Аркадий Первенцев - Гамаюн — птица вещая
Дойдя до кирпичных столбов подворья немецких специалистов, Николай остановился. Только в квартире Отто светились два окна. Отто сегодня во второй смене и мог задержаться в литейке. Его имя склоняют на заводе вдоль и поперек так же, как и его ковкий чугун. В конце концов будет или не будет освоен ковкий чугун, его жена Дора никогда не ляжет спать раньше, чем вернется Отто. Она обязательно дождется его, накормит, узнает о работе мужа, посетует или порадуется. Отто всегда встретит понимание у своей жены. Может быть, в этом и кроется разгадка любви красивого Отто к некрасивой Доре.
Можно позавидовать такому семейному счастью. Но есть ли оно на самом деле, это счастье? Можно ли назвать счастьем отношения Ивана и Насти Ожигаловых, их закабаленную детьми и недостатками жизнь?
Какое будет собственное счастье у Николая?

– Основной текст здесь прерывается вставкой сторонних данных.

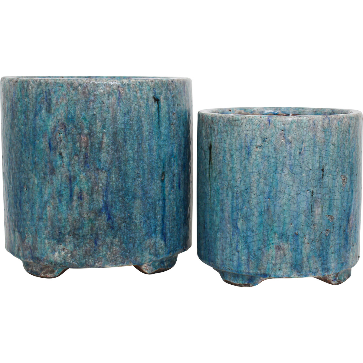 The Pot XL S/2 Sodalite is a lovely set of two planting pots both of which takes interior decoration to the next level given its innovative design and compelling visual allure. Both planters are moulded using high grade terracotta material in a vertically inclined dimension. Both planting pots also have a stout pedestal base while its exterior is beautifully glazed in cool shades of different colours. The set consists of both large and small sized pots.
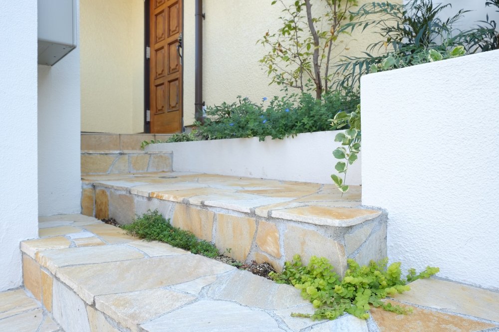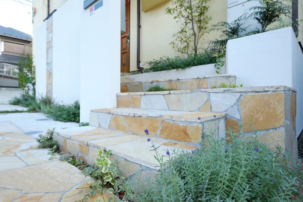 Yellowish Stone Veneer Exterior Total Design Entrance:WORKS:the landscape design company based in Yokohama - FUCHISO Inc.

Растворится ли оно в многочисленных общественных обязанностях, будет ли ощущаться временами, в отдельные часы и минуты, или сконцентрируется в его жизни как нечто ощутимое не только одним сознанием, а всем его существом? Два освещенных окна, силуэт женщины за занавеской, постоянство, забота, отдых после труда, направленного на благо всех. В комсомоле смеются над канарейкой и уютом, хотя большинство не представляет себе, что же это такое, семейный уют, и ополчается на нераспознанного врага. Отто встретит женщина в мягком халате, с теплыми плечами. Но, вероятно, и Отто ценит в любви не только прыгающую крышку чайника.
С такими думами Николай переступил порог своего холостяцкого жилья. Открывшая ему дверь Настя захлопотала, быстро наладила керосинку. Пока за слюдяным оконцем мигал огонек, рассказала о своих заботах: старшенького «прихватило» (игрался с «немчатами», промок), напоила его малиной; младшенькому сменила вторую рубашонку.
Пили чай в прихожей, на табуретке, закусывали холодными пирожками с картошкой.
— Вы, Коля, не стесняйтесь, когда чего нужно, пожалуйста, — уговаривала Настенька и приподнимала брови.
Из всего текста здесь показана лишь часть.